G3 Flux Remover

Sku Number Name Size Units
Per Case
Price
Per Case
Case
Qty
 
1631-16S G3 Flux Remover - 16oz aerosol 16 oz (454g) 12 $450.84
1631-16SB G3 Flux Remover w/brush - 16oz aerosol 16 oz (454g) 12 $462.72
Packaging Order minimum case quantity only. Extra shipping fees may apply.
Order from an authorized distributor
G3 has a powerful spray and strong solvent that blasts off residues and cleans areas under components that a brush cannot touch. Formulated to be powerful and nonflammable, yet economical. Eliminates brushing and scrubbing, saving time and materials.

Features & Benefits

  • Powerful cleaner and flux remover
  • Nonflammable
  • Rapid evaporation
  • Zero residue
  • Proven effective for lead-free processes
  • Non-ozone depleting

Specifications: Boeing D6 17487, Rev P

Call-outs: Ford TOX #167834


FAQ's

How do you know the safe exposure limit of a degreaser, contact cleaner, or flux remover?
The personal hazard associated with a solvent is often defined using Threshold Limit Value (TLV), which is the recommended average exposure in an 8-hour day, 40 hour work week. The lower the TLV of a particular substance, the less a worker can be exposed to without harmful effects. TLV is stated on the SDS of chemical products, in additional to recommended personal protection equipment (or PPE). The threshold limit value of a solvent is generally set by the American Conference of Governmental Industrial Hygienists (ACGIH). The unit of measure is Parts Per Million (PPM).
How do you use an aerosol cleaner?

Hold object to be cleaned in vertical position. Pull trigger gently to control solvent flow rate. Spray from top to bottom, allowing the liquid to flush away contaminants. 

There are a number of regulations prohibiting the use of chlorinated solvents. Should I be concerned with Trans, which is used in many of your nonflammable cleaners?

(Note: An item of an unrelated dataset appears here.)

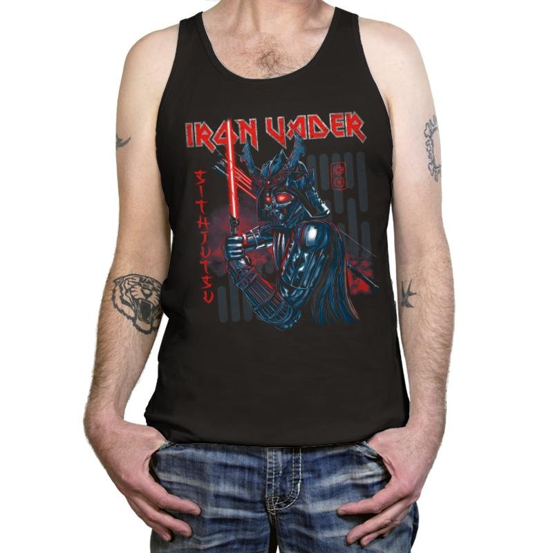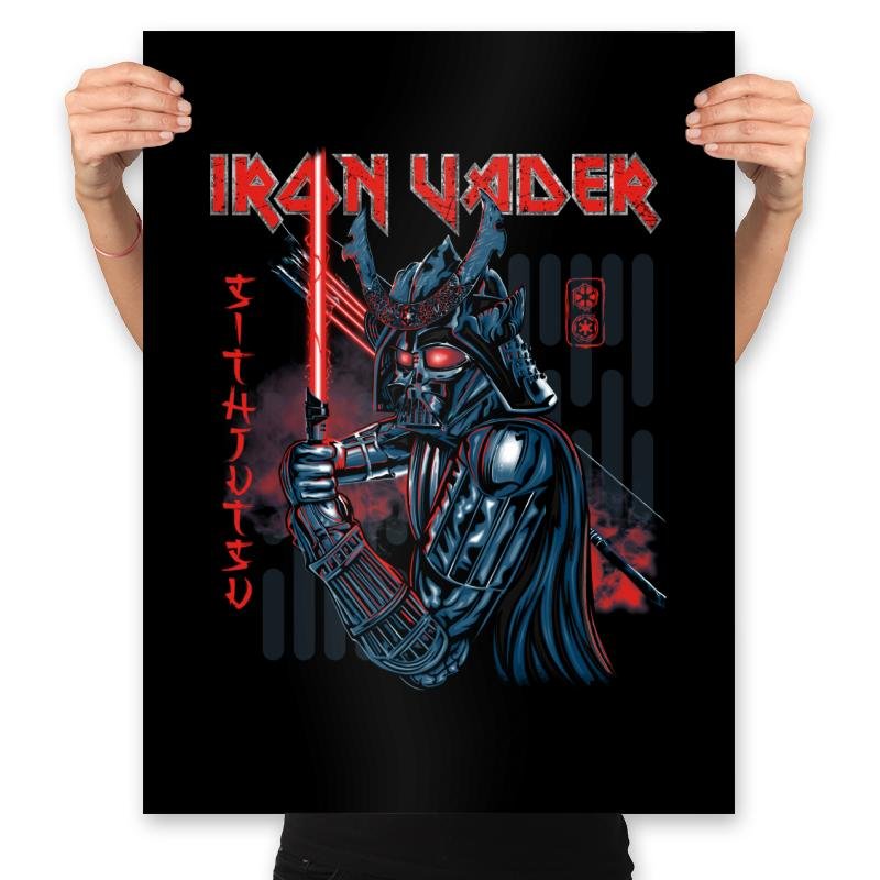 This design remixes a famous armored space villain through the lens of classic metal album art and samurai warrior imagery. The helmet gains horned accents and layered plating like a kabuto, while red eyes burn beneath. In one hand he grips a glowing blade and in the other a second weapon rests against stylized tech panels. The title typography screams heavy metal, and the vertical red script to the side reads like dojo signage for a martial art you are not meant to survive.
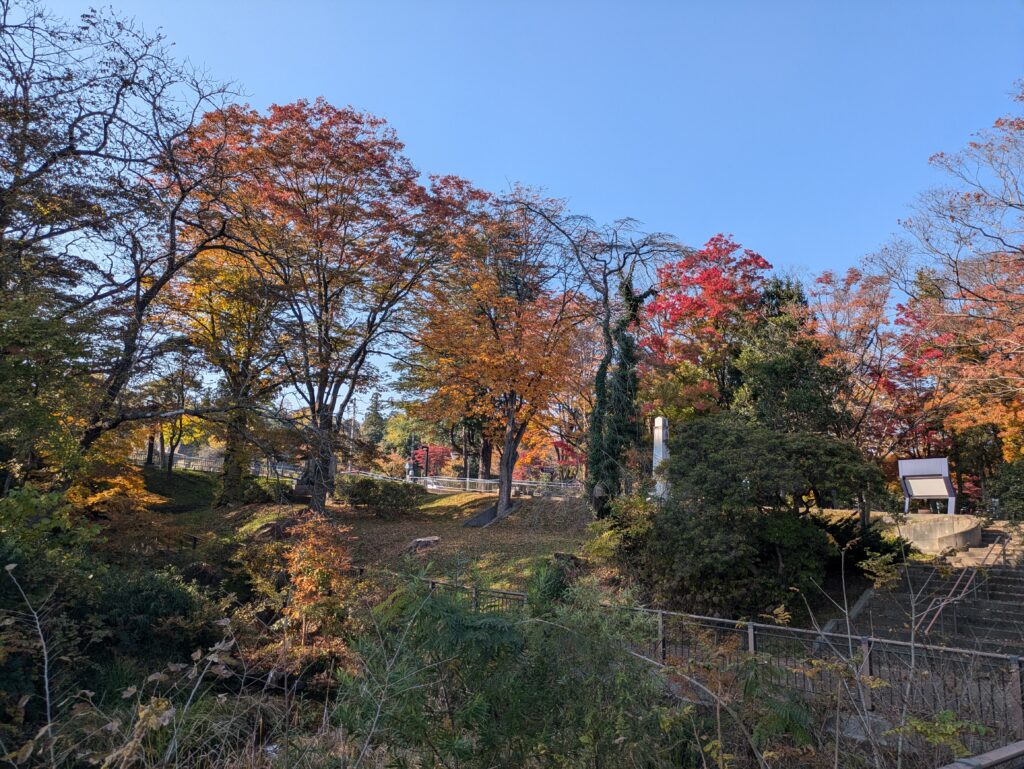 Wir fahren gegen 12.58 Uhr in Kakunodate mit dem Shinkansen los in Richtung Morioka. In Morioka angekommen, wundern wir uns über die schlechte Einfahrt des Zuges in den Bahnhof. Er muss mehrere Male Stop&Go fahren, bis er am richtigen Punkt zum stehen kommt. Beim aussteigen stellen wir fest, dass er zusammengekoppelt wurde. Dann schließen wir wieder unser Gepäck ein und fahren mit dem “Schneckenbus” Dendenmushi zum Stadtpark. Hier erwartet uns eine wunderbare Nachmittagssonne und so können wir die Burgruine im Park sehr genießen. Das Herbstlaub hat auch hier Einzug gehalten, allerdings deutlich weniger als auf der Westseite des Landes.

No, it should not be a concern. Many of Techspray's nonflammable solvents (e.g. G3, Precision-V, PWR-4) contain 1,2-trans-dichloroethylene (Trans, CAS# 156-60-5), which has caused confusion. The regulations controlling chlorinated solvents do not generally pertain to Trans. The following are the reasons: Many are confused with “chloro” substances due to the NESHAP requirements. The big 3 chlorinated substances are Perchloroethylene (Perc), Trichloroethylene (TCE), and methylene chloride. The association of those with all chlorinated substances is not valid. NESHAP requirements only refer to restrictions of emissions of hazardous air pollutants (HAP). Of the nearly 200 substances listed as HAP’s, Trans is not on that list. Reference the following link: https://www.epa.gov/haps/initial-list-hazardous-air-pollutants-modifications. Trans has the same exposure limit (per ACGIH) time-weighted average (TWA) as 2-propanol (IPA) -- 200 ppm. In contrast, n-Propyl Bromide (nPB) is commonly used in vapor degreasers, with TWA established by ACGIH of 10 ppm. It has been proposed to be reduced to 0.1 ppm. nPB is also listed on various carcinogen lists, notably Prop 65.